━━━ THE DATA

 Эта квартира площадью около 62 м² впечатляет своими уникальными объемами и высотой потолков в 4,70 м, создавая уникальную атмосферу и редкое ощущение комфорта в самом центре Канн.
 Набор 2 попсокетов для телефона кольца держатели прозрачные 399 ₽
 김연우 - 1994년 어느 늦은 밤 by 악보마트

━━━━━━
━━━ THE DATA

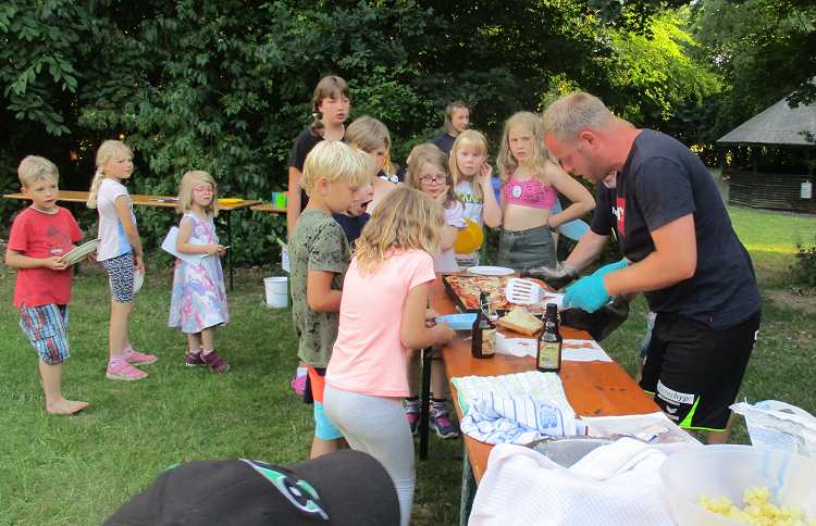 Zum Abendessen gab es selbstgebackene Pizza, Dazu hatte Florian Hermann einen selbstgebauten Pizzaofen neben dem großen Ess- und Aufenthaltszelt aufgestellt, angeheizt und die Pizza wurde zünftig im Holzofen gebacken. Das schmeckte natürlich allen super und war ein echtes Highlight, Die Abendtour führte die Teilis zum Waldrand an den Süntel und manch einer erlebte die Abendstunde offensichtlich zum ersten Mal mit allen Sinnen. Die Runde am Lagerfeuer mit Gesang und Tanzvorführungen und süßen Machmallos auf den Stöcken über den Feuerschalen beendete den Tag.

━━━━━━

* _YOUR ASSIGNMENT_
When you reach the line holding "Эта квартира площадью" in the records above, begin reproducing exactly, stop after the line holding "김연우 - 1994년 어느 늦은 밤 by 악보마트", and output nothing else.

* _THE COMPLETED TASK_
 Эта квартира площадью около 62 м² впечатляет своими уникальными объемами и высотой потолков в 4,70 м, создавая уникальную атмосферу и редкое ощущение комфорта в самом центре Канн.
 Набор 2 попсокетов для телефона кольца держатели прозрачные 399 ₽
 김연우 - 1994년 어느 늦은 밤 by 악보마트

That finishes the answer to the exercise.